Por tanto, el modelo económico no se toca. Seguiremos consumiendo en masa, explotando sin discriminación los recursos naturales, usando combustibles fósiles y una que otra nueva tecnología no contaminante. La única diferencia será la nueva forma de especulación, ahora con instrumentos ambientales.
La ortodoxia neoliberal afirma que es posible mantener el crecimiento económico sin un aumento en el consumo de energía. Un informe del Banco Mundial señala que en países con ingresos elevados “hay indicios de una reducción del consumo de energía per cápita y de la contaminación per cápita a pesar del crecimiento económico. Ello ocurre porque la energía se utiliza con mayor eficiencia y se introducen tecnologías menos contaminantes. Además, una economía de ingreso alto tiene, por lo general, un sector de servicios proporcionalmente más grande, el cual requiere un uso menos intensivo de la energía que el sector industrial”. Pese a estos estudios, hay otros, y muy numerosos, que sugieren lo contrario.
Este tipo de informes son de una gravedad extrema.
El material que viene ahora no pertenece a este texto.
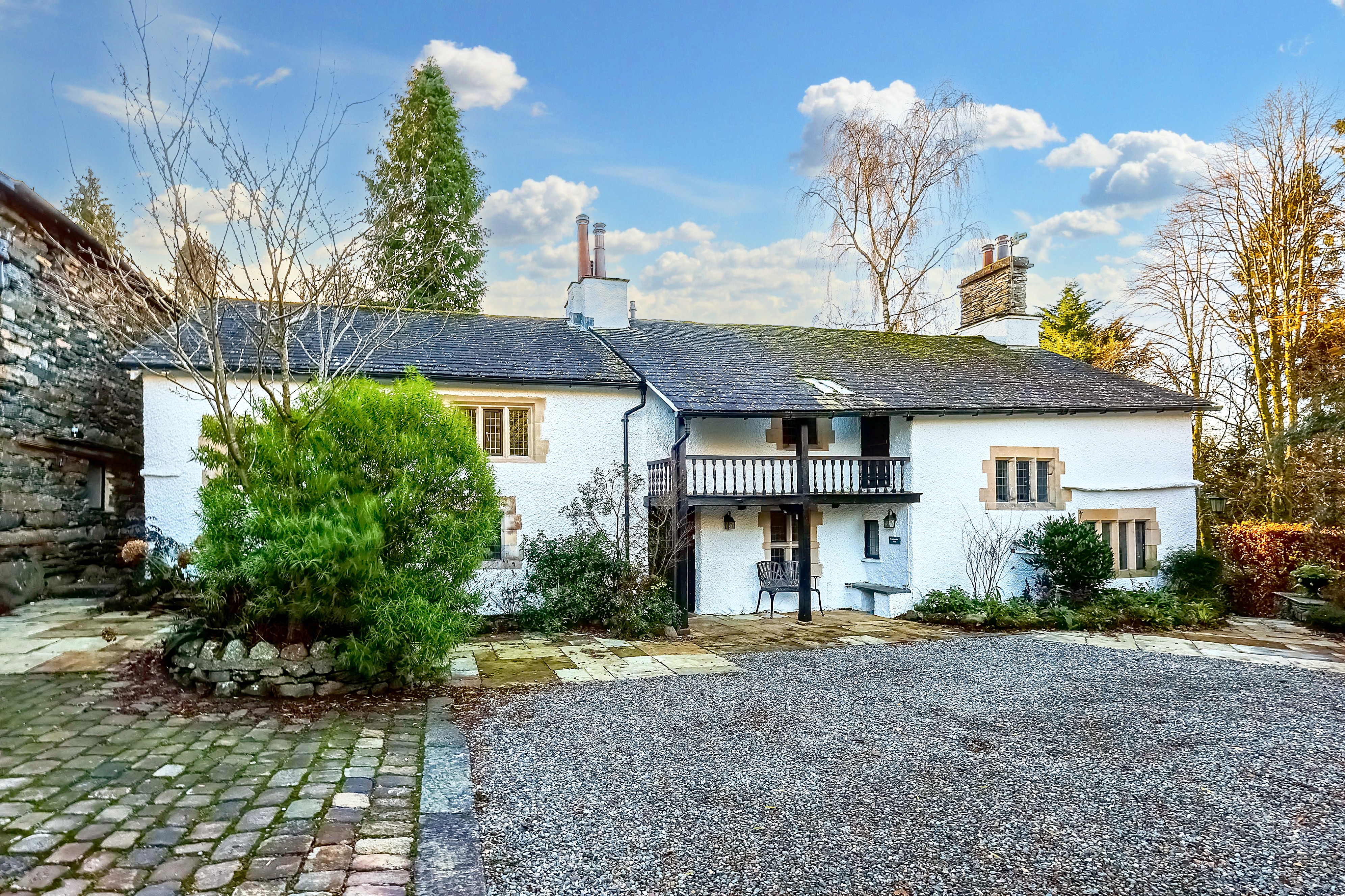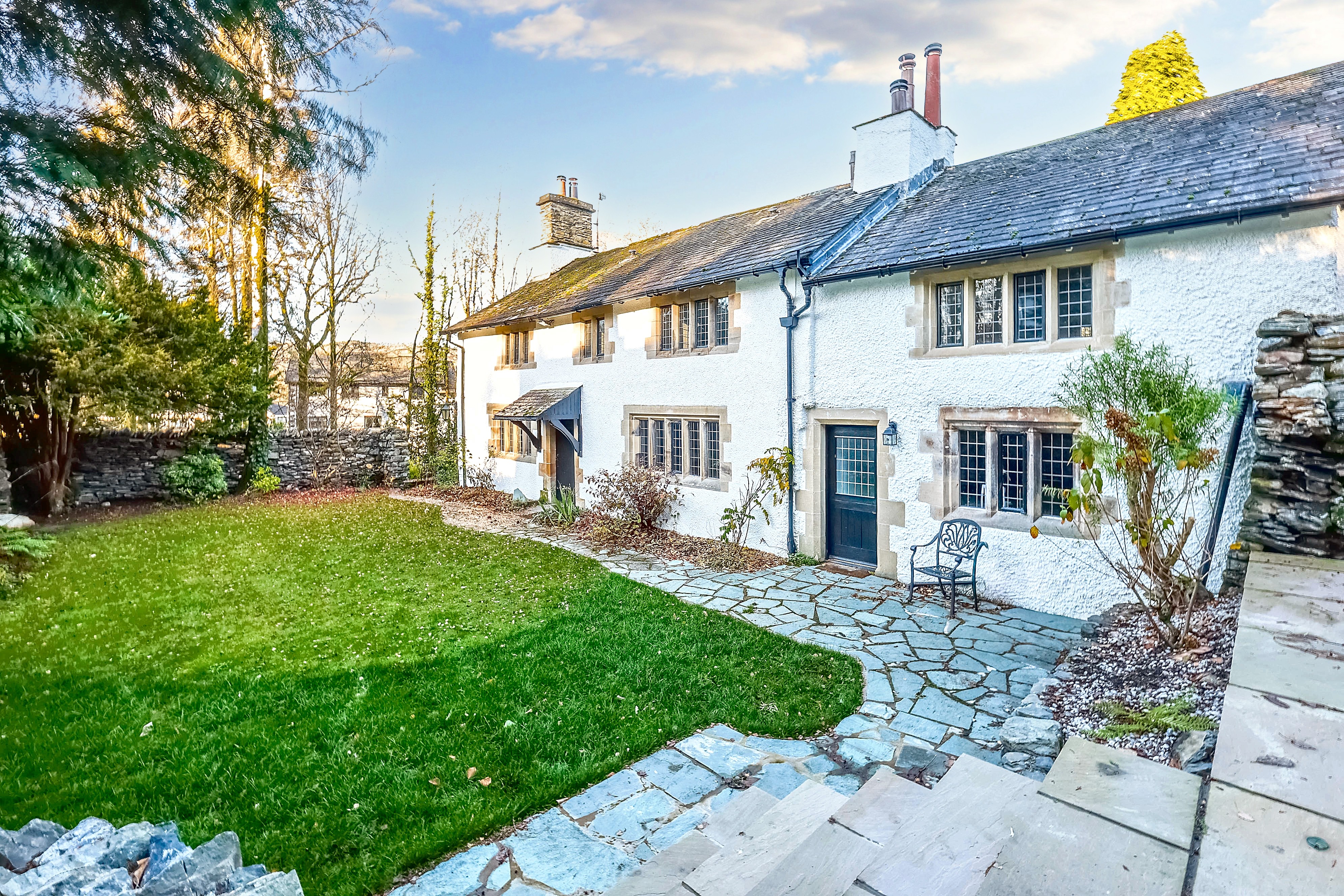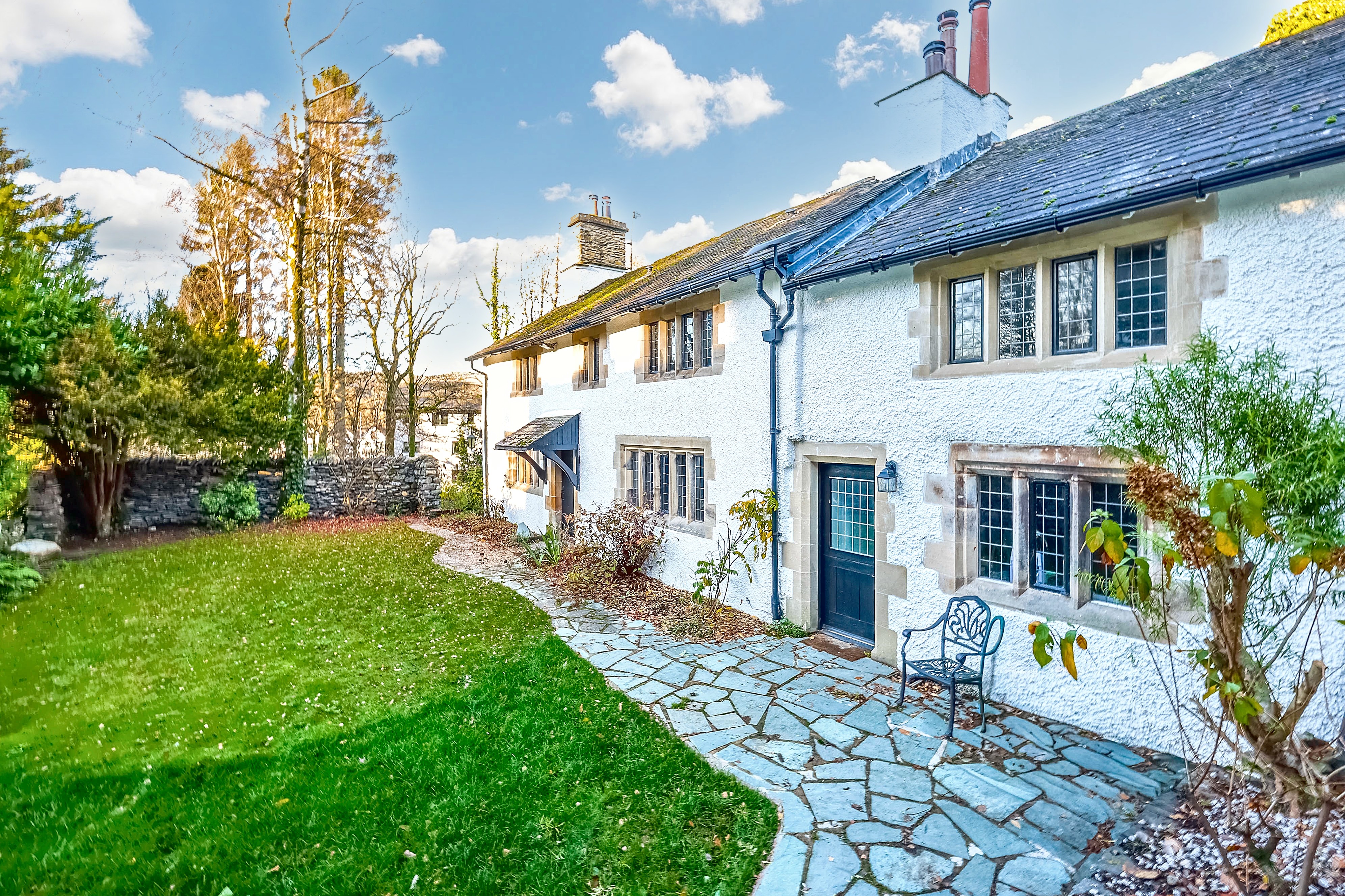 This stunning Grade II listed detached cottage sits proudly on a generous plot in one of Bowness-on-Windermere’s most desirable locations. Just a one minute walk from the marina and moments from the lake, this exceptional home blends charming period character with impressive living space, offering a rare opportunity in this highly sought after setting. With exposed beams, original windows and rustic stonework throughout, the property exudes warmth, history and timeless appeal.

Sobre ellos se apoyan los gobiernos para mantener el statu quo económico y ambiental. Lo que propone el Banco Mundial es la política del gatopardo, en el sentido de hacer mínimas transformaciones en algunas chimeneas para continuar con el mismo modelo de consumo y explotación de los recursos naturales. Ideas que gobiernos como el chileno abrazan con fruición.